-- Exercise aim --
Down to the last line, set down the material below exactly, excluding pictures.

##### Stored data #####

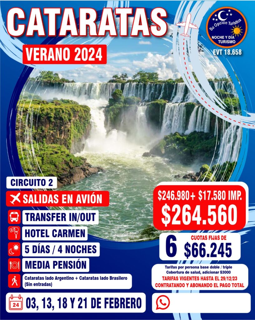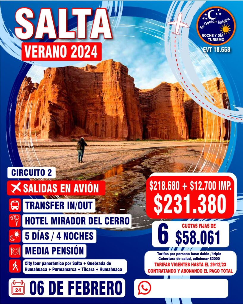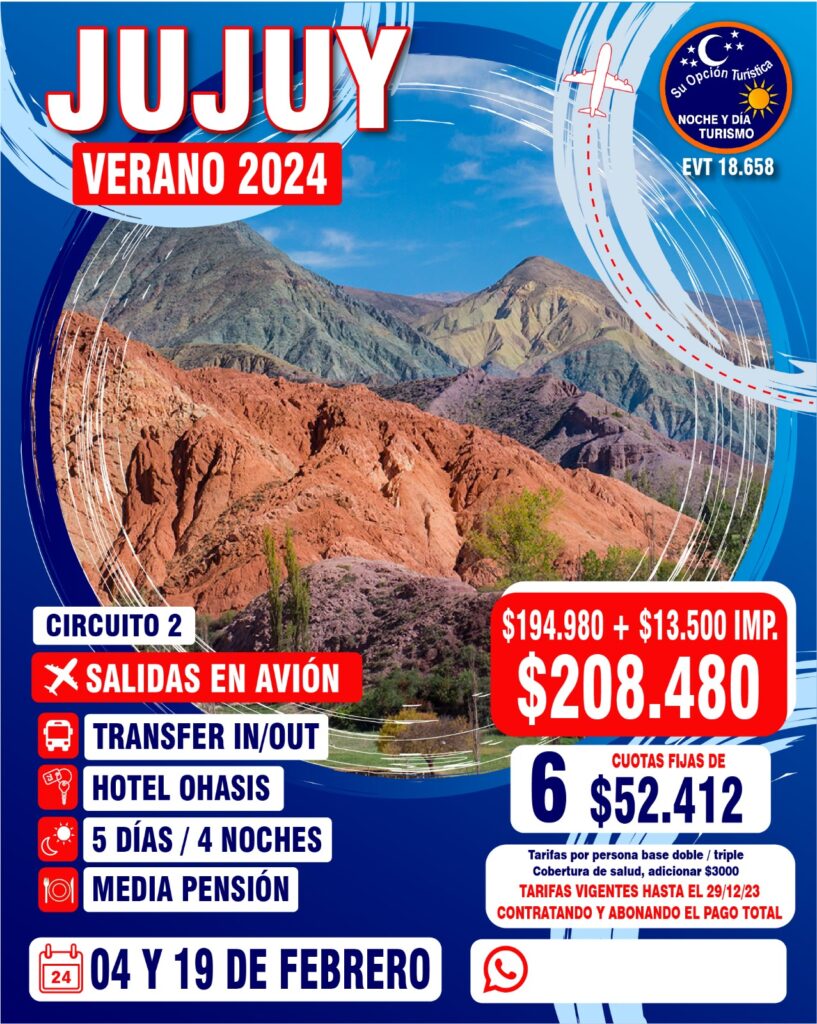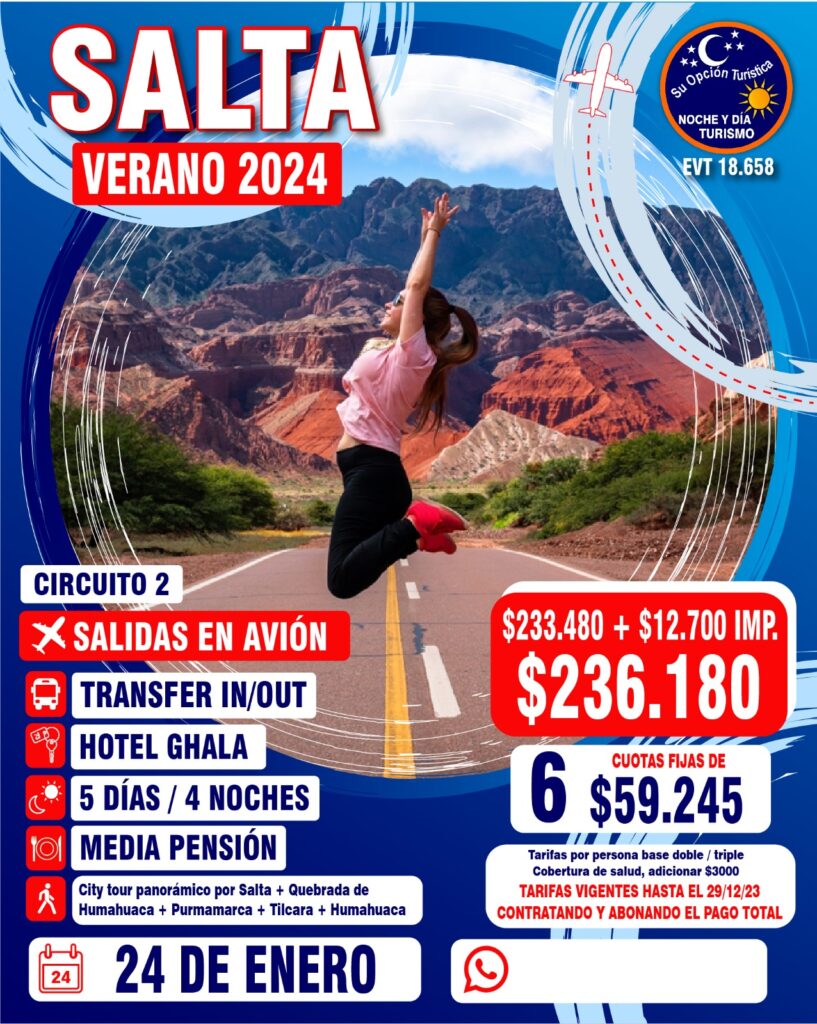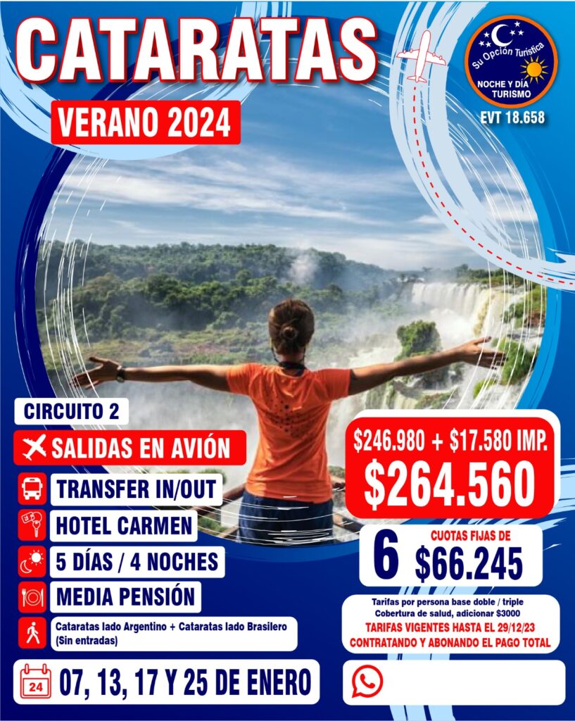VERANO 2024 Circuitos por Argentina Para coordinar todo lo relacionado a los paquetes de excursiones, comunícate con la agencia : Noche y Día WApp (Romina)5491130252040web https://www.nocheydiaturismo.com/Teléfono : (+54) 11 4432 8675E-mail : consultas@nocheydiaturismo.com
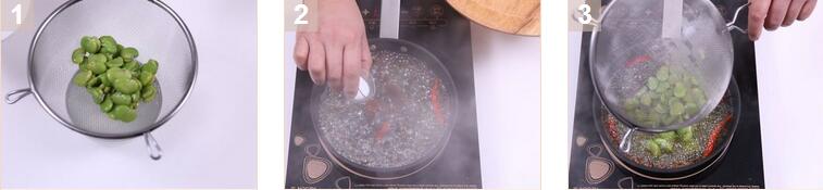 茴香蠶豆的材料:蠶豆500克,八角1枚,花椒1克,干辣椒3支,桂皮1小段,鹽1茶匙(5g)水1000ml
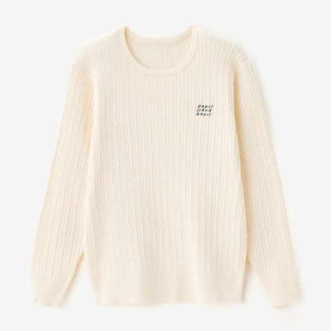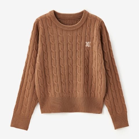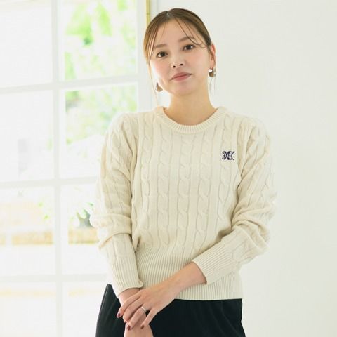 ロゴジャカードと刺繍がポイントのニットプルオーバー。

#####

-- Solution below --
VERANO 2024 Circuitos por Argentina Para coordinar todo lo relacionado a los paquetes de excursiones, comunícate con la agencia : Noche y Día WApp (Romina)5491130252040web https://www.nocheydiaturismo.com/Teléfono : (+54) 11 4432 8675E-mail : consultas@nocheydiaturismo.com
 茴香蠶豆的材料:蠶豆500克,八角1枚,花椒1克,干辣椒3支,桂皮1小段,鹽1茶匙(5g)水1000ml
 ロゴジャカードと刺繍がポイントのニットプルオーバー。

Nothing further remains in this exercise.